It never really bothered me if my Mom got angry with me, if she spanked me (she did not spare the rod, and I am better for it), grounded me (she once grounded me for the rest of my life), took away privileges, added chores, or even yelled at me. I was sort of immune to her anger. But oh, let her say she was ashamed of me, and my heart would break. Just writing about it, I can still feel the weight of it.
It seems all my life I’ve carried a heavy load of guilt and shame. I know well the words King David cried out to God, “My guilt has overwhelmed me like a burden too heavy to bear” (Psalm 38:4). From being abused and rejected, making countless foolish mistakes, hurting others, jumping into the pit of sin, and feeling responsible for the actions of my child – every failure left me with eyes cast down so as not to see on the face of God the sorrow my sin has caused Him. Rather than “approach the throne of grace with confidence,” I slink back into the cave of despair because I can’t bear to know that God is ashamed of me. Something tells me that you can relate.
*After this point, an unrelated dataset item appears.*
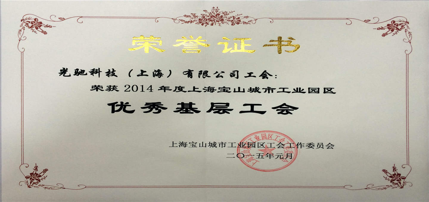 榮獲“2014年度寶山城市工業(yè)園區(qū)優(yōu)秀基層工會(huì)”

Jesus came into this sinful world to set us free from guilt and shame and the evil that caused it. Listen to His words to Nicodemus, “God did not send His Son into the world to condemn the world, but to save the world through Him” (John 3:17). Jesus came, not to point to you and me with all our bags and say “I AM ASHAMED OF YOU!” He came to say, “Come to me, all you who are weary and burdened and I will give you rest” (Matthew 11:28). Rest from the weight. Rest from the shame. Rest from the guilt.
Do you come to God this morning with a load of guilt and shame? Are you expecting chastisement and rejection? Look up, Beloved. Jesus has stretched out His nail-scarred hand to take your heavy bags of misery. He bids you rise and face the day, forgiven, freed, and radiant in His love.